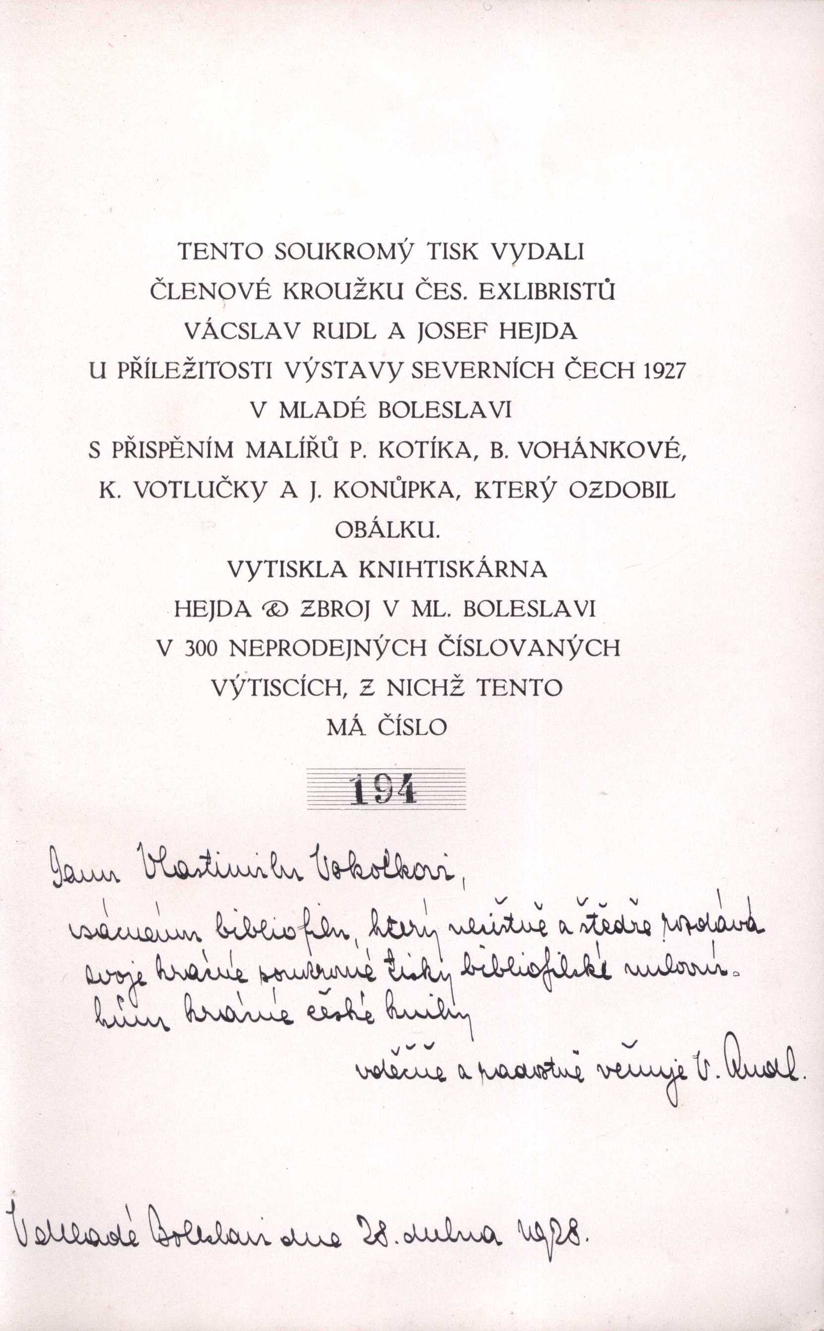 Sign. C12b 14362 - Knihovna Vlastimila Vokolka. - Tento výtisk má č. 194. - V tiráži věnování V. Rudla V. Vokolkovi.
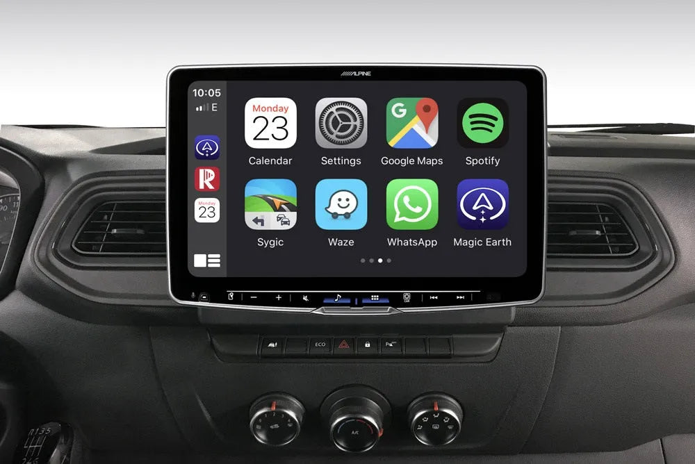 Комплект KIT-RE-MA32 позволяет вам идеально интегрировать навигационную систему Alpine или цифровую медиастанцию в ваш Renault Master 3, Opel Movano или Nissan NV400.
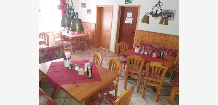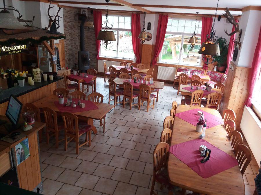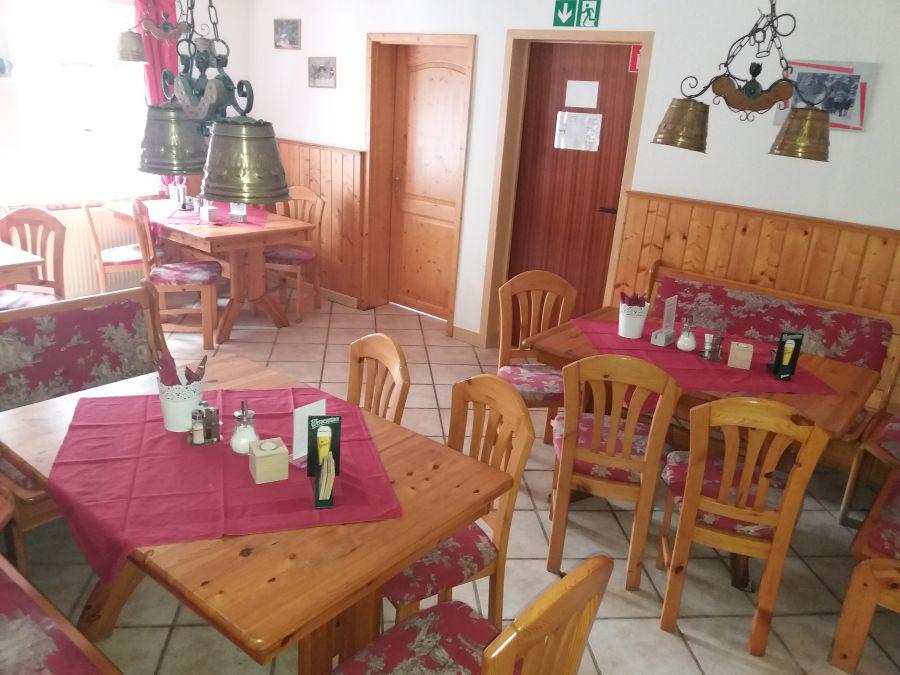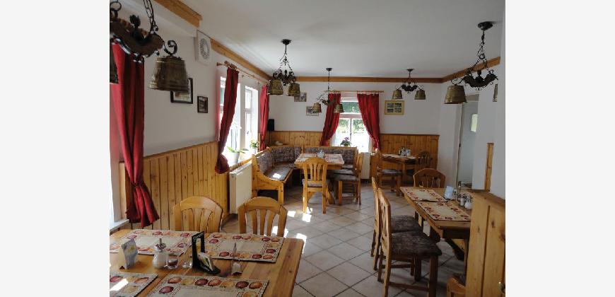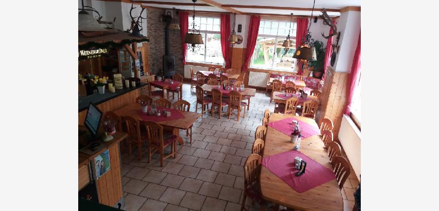 Der Hauptgastraum - im Gebäudeteil (II.) - umfasst ca. 45 Plätze. Hier ist ein Kamin vorhanden. (Halboffen) angrenzend liegt der Nebengastraum - im Gebäudeteil (I.) - mit weiteren 20 Plätzen. Daneben liegt dann der Aufenthaltsraum, der entweder eben als solcher oder aber als Erweiterung des Restaurants (ca. +20 Personen via Verbindungstür) oder gut als Buffetstandort bei Feierlichkeiten dienen kann.
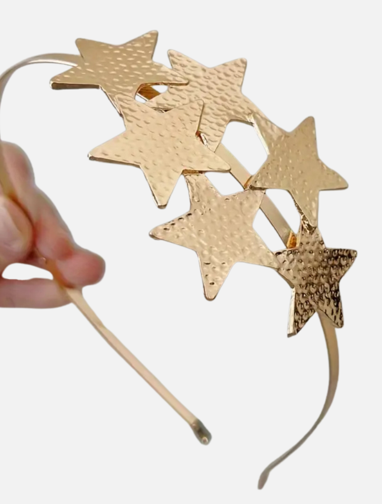 Dress to impress with the Taya Star Headband, an exquisite accessory crafted with matte gold stars on a matte gold band and exquisite craftsmanship. Transform any look with that classic, timeless, and sophisticated touch..
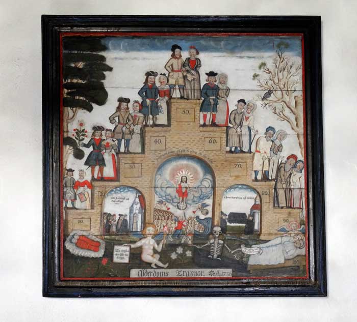 Tavlan Människans åldrar skänktes 1736 av Corporalen Daniel Blavér och Annika Jönsdotter Daggren,

⁂

### WHAT TO WORK ON
Output all the records above again exactly, with the pictures dropped.

### RESPONSE TO THE TASK
 Sign. C12b 14362 - Knihovna Vlastimila Vokolka. - Tento výtisk má č. 194. - V tiráži věnování V. Rudla V. Vokolkovi.
 Комплект KIT-RE-MA32 позволяет вам идеально интегрировать навигационную систему Alpine или цифровую медиастанцию в ваш Renault Master 3, Opel Movano или Nissan NV400.
 Der Hauptgastraum - im Gebäudeteil (II.) - umfasst ca. 45 Plätze. Hier ist ein Kamin vorhanden. (Halboffen) angrenzend liegt der Nebengastraum - im Gebäudeteil (I.) - mit weiteren 20 Plätzen. Daneben liegt dann der Aufenthaltsraum, der entweder eben als solcher oder aber als Erweiterung des Restaurants (ca. +20 Personen via Verbindungstür) oder gut als Buffetstandort bei Feierlichkeiten dienen kann.
 Dress to impress with the Taya Star Headband, an exquisite accessory crafted with matte gold stars on a matte gold band and exquisite craftsmanship. Transform any look with that classic, timeless, and sophisticated touch..
 Tavlan Människans åldrar skänktes 1736 av Corporalen Daniel Blavér och Annika Jönsdotter Daggren,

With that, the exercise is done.